Ein Meistertitel in der Security öffnet die Türen zum Management. Hier verhandelst du dein Gehalt oft frei.

Markus rät heute jedem Anfänger: Mach den Schein. Sammle ein Jahr harte Erfahrung an der Basis. Dann spezialisiere dich sofort. Die Branche belohnt Zuverlässigkeit und tiefes rechtliches Wissen.

Häufige Fragen

Muss ich wirklich mein Leben lang Nachtschichten machen für gutes Geld?
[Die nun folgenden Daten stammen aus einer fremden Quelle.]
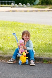 Przezroczyste grzechoczące kółka z koralikami dodają jeździe wesołych efektów dźwiękowych i stymulują zmysły. Pod siedziskiem znajduje się tajna przegródka na drobiazgi, dzięki której każdy spacer staje się jeszcze bardziej pełen przygód. Wysoka jakość wykonania gwarantuje długotrwałą zabawę pełną wyobraźni.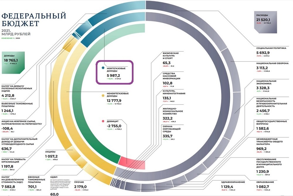 Не надо преувеличивать роль Роснефти в наполнении бюджета. Вот картинка наглядно показывающая структуру бюджета на 2021 год.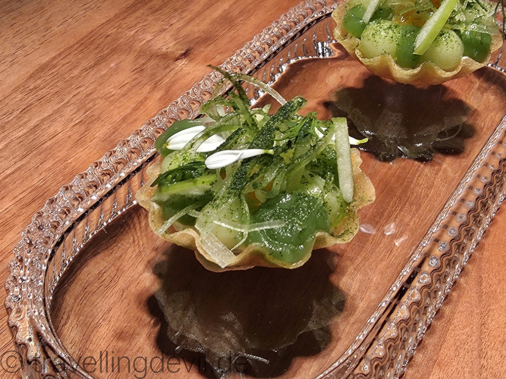 Nächster Gruß war ein Tartlet gefüllt mit Forelle, Apfel und Gurke. Auch wieder vermeintlich einfach aber trotzdem schön anzuschauen und vor allem super lecker.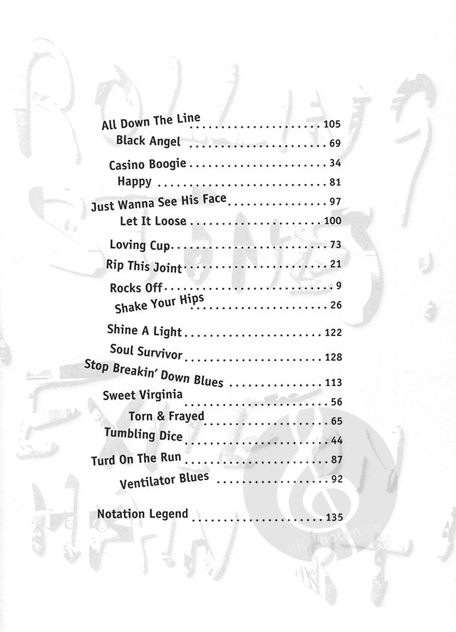 18-song matching folio to the classic Stones album features transcriptions of: Rocks Off - Tumbling Dice - Let It Loose - All Down The Line - Stop Breaking Down - Casino Boogie - Torn & Frayed - Black...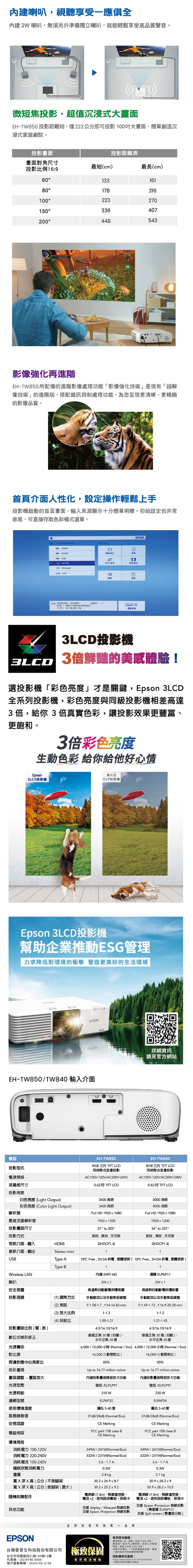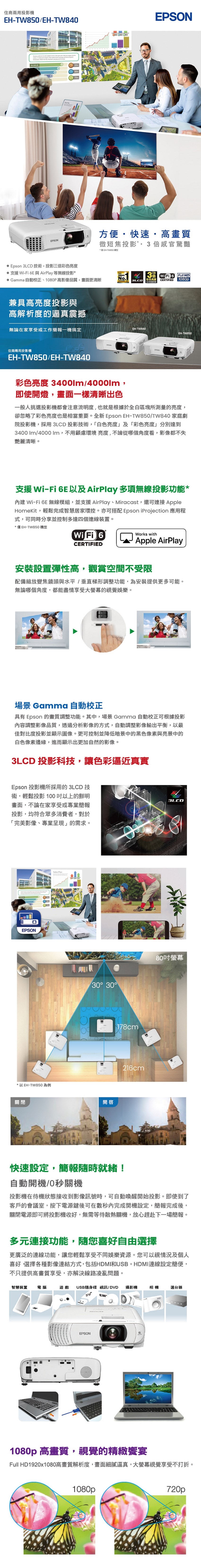 EPSON EH-TW850 跨界小霸王 住商兩用高亮彩投影機
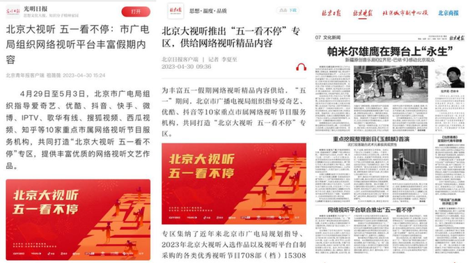 光明日报、北京日报、北京晚报、京报网、网易新闻、今日头条、广电时评、主编温静、影视前哨等重点新闻媒体、资讯网站和公众号对活动进行了报道。“北京大视听五一看不停”相关新闻信息和片单长图通过爱奇艺、优酷、抖音、快手、微博、北京IPTV、知乎等平台传播,浏览量超36万次,取得良好宣传效果。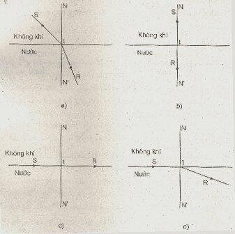 Câu 15: Chiếu một tia sáng SI đi từ môi trường không khí đến môi trường nước. Hình vẽ nào sau đây không đúng?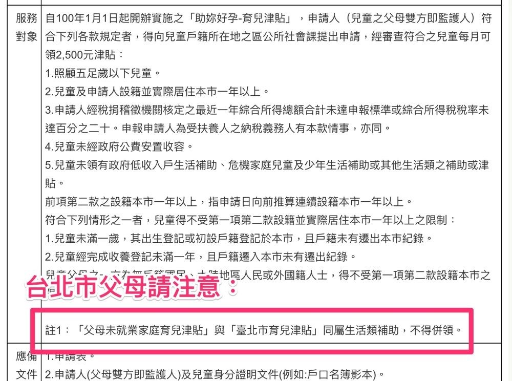 要注意的是此次中央的育兒津貼補助是將原先「父母未就業家庭育兒津貼」的內容福利擴增,因此對於在台北市已經領取針對 0-5 歲兒童,每個月 2,500 元 「助妳好孕-育兒津貼」的家長而言依舊是必須二擇一的不適用!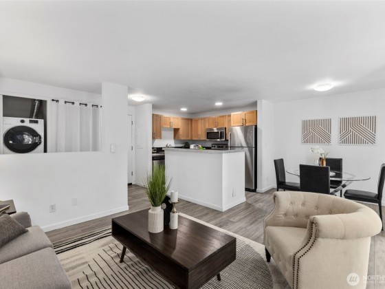 PRICED TO SELL! Fall in love with Fremont and own this inviting, light, and bright 1 bed/1bath TOP FLOOR unit in the heart of Fremont. HOA dues include water/sewer/garbage. Walk to Burke/Gilman trail, PCC Market, & fast transit/bike commutes to DT Seattle, SLU & UW. Open floor plan w/ plenty of storage, W/D in unit. Secure gated off-street parking w/ 1 assigned prk space. New building ext incl. roof, windows, & siding in '17 w/NO REMAINING ASSESSMENTS. Recent interior updates include hardwood laminate thru-out, a fully refreshed bathroom, and a spacious flowing floorplan. Urban-chic living at its finest & most convenient. Pet-friendly w/a walk score of 94!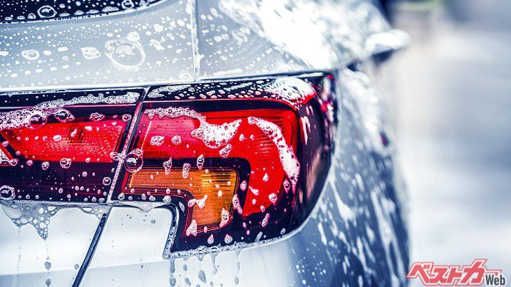 高圧洗浄機を使用するのは、双方に共通するが、汚れ落としにかける水の量は、専門店の方が圧倒的に多い。そして、ムース上になった泡で滑りを良くし、摩擦を最小限に小さくしながらクルマを洗っていくのだ。

Nein, das musst du nicht. Nachtschichten bringen zwar steuerfreie Zuschläge, aber Führungspositionen bieten ein höheres Grundgehalt. Als Einsatzleiter oder Objektmanager arbeitest du oft zu normalen Bürozeiten und verdienst trotzdem sehr gut.

Wie viel mehr verdiene ich als Revierfahrer im Vergleich zum normalen Objektschutz?

Als Revierfahrer verdienst du meist 200 bis 400 Euro brutto mehr im Monat. Du trägst mehr Verantwortung und bist allein unterwegs. Zudem zahlen viele Arbeitgeber eine zusätzliche Mobilitätszulage.

Reicht es, wenn ich den §34a Schein habe, um Personenschützer zu werden?

Nein, der Schein ist nur die gesetzliche Mindestvoraussetzung. Für den bewaffneten Personenschutz brauchst du zusätzlich die Waffensachkunde. Außerdem fordern Arbeitgeber spezielle Weiterbildungen in Taktik und Fahrsicherheit.

Stimmt es, dass man in der Security immer nur den gesetzlichen Mindestlohn bekommt?

Das ist ein weit verbreiteter Irrtum. Die Branche wird nach regionalen Tarifverträgen bezahlt. Diese liegen fast immer über dem gesetzlichen Mindestlohn und steigen mit deiner Qualifikation.

Was passiert, wenn ich nach der Prüfung direkt eine eigene Sicherheitsfirma gründe?

Du darfst ein Gewerbe anmelden, trägst aber sofort das volle unternehmerische Risiko. Ohne Branchenerfahrung ist es schwer, lukrative Aufträge zu gewinnen. Sammle erst praktische Erfahrung als Angestellter, bevor du diesen Schritt gehst.